> **What to produce**:
Return the whole listing, line for line, without the pictures in it.

> **Source data**:
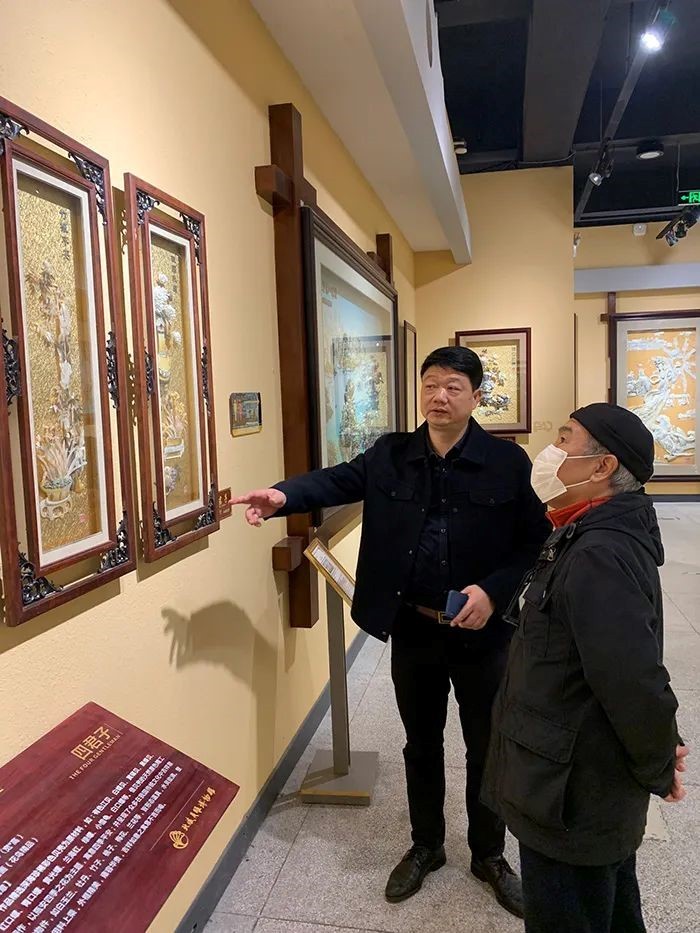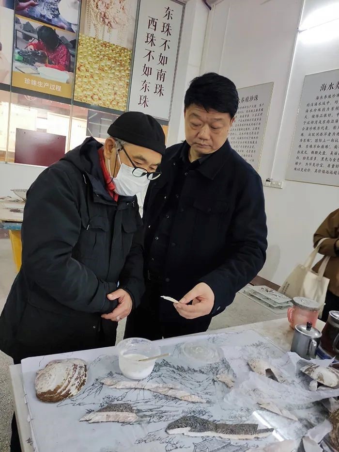 在参观过程中,当王教授得知,北海贝雕经过数年精雕细琢,已经成为代表广西的国礼和区礼,并成为北京人民大会堂、首都国际机场、国家商务部等重大场馆的重点装饰后非常高兴。王教授对当前在疫情冲击下,经济环境恶劣,恒兴珠宝公司仍然能坚守贝雕产业,并坚持不懈地传承和发展贝雕技艺表示肯定和赞赏。
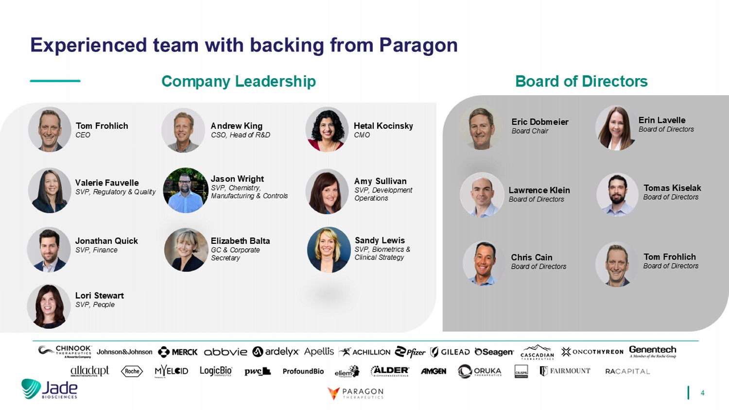 3 • Advancing potential best - in - class therapies for autoimmune diseases , including IgAN. • Fourth company launched to research and develop antibody candidates licensed from Paragon Therapeutics, an antibody discovery engine founded by Fairmount. • Building on success of Apogee, Spyre, and Oruka , which have generated clinical data using Paragon’s engineered antibody technology and collectively raised ~$2B. * Jade aims to develop transformative therapies for high - value inflammation and immunology indications Our mission is to deliver best - in - class therapies for patients living with autoimmune diseases. I&I – inflammation and immunology; MOA – mechanism of action; FIH – First - In - Human; IgAN - IgA nephropathy *As of January 6, 2025 Planned Healthy Volunteer Data Planned Clinical FIH IND - enabling Discovery Program MOA 1H26 2H25 JADE - 001 anti - APRIL 1H26 JADE - 002 Undisclosed 1H27 JADE - 003 Undisclosed
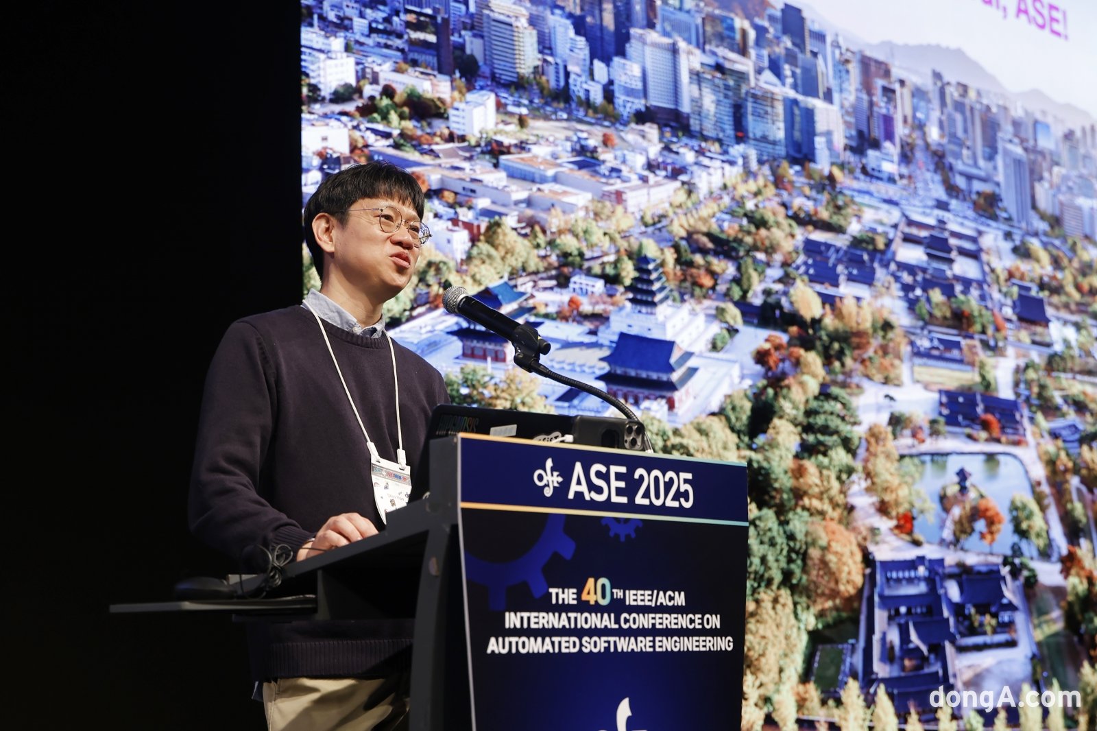 ASE 학회 조직위원장을 맡은 유신 카이스트 교수가 개회사를 하고 있다. 조직위원회 제공.세계적인 소프트웨어공학 학술대회인 ‘ASE 2025(The 40th IEEE/ACM International Conference on Automated Software Engineering)’가 이달 16일 서울 광진구 그랜드워커힐에서 개최돼 오는 20일까지 열린다.

> **Answer for this exercise**:
 在参观过程中,当王教授得知,北海贝雕经过数年精雕细琢,已经成为代表广西的国礼和区礼,并成为北京人民大会堂、首都国际机场、国家商务部等重大场馆的重点装饰后非常高兴。王教授对当前在疫情冲击下,经济环境恶劣,恒兴珠宝公司仍然能坚守贝雕产业,并坚持不懈地传承和发展贝雕技艺表示肯定和赞赏。
 3 • Advancing potential best - in - class therapies for autoimmune diseases , including IgAN. • Fourth company launched to research and develop antibody candidates licensed from Paragon Therapeutics, an antibody discovery engine founded by Fairmount. • Building on success of Apogee, Spyre, and Oruka , which have generated clinical data using Paragon’s engineered antibody technology and collectively raised ~$2B. * Jade aims to develop transformative therapies for high - value inflammation and immunology indications Our mission is to deliver best - in - class therapies for patients living with autoimmune diseases. I&I – inflammation and immunology; MOA – mechanism of action; FIH – First - In - Human; IgAN - IgA nephropathy *As of January 6, 2025 Planned Healthy Volunteer Data Planned Clinical FIH IND - enabling Discovery Program MOA 1H26 2H25 JADE - 001 anti - APRIL 1H26 JADE - 002 Undisclosed 1H27 JADE - 003 Undisclosed
 ASE 학회 조직위원장을 맡은 유신 카이스트 교수가 개회사를 하고 있다. 조직위원회 제공.세계적인 소프트웨어공학 학술대회인 ‘ASE 2025(The 40th IEEE/ACM International Conference on Automated Software Engineering)’가 이달 16일 서울 광진구 그랜드워커힐에서 개최돼 오는 20일까지 열린다.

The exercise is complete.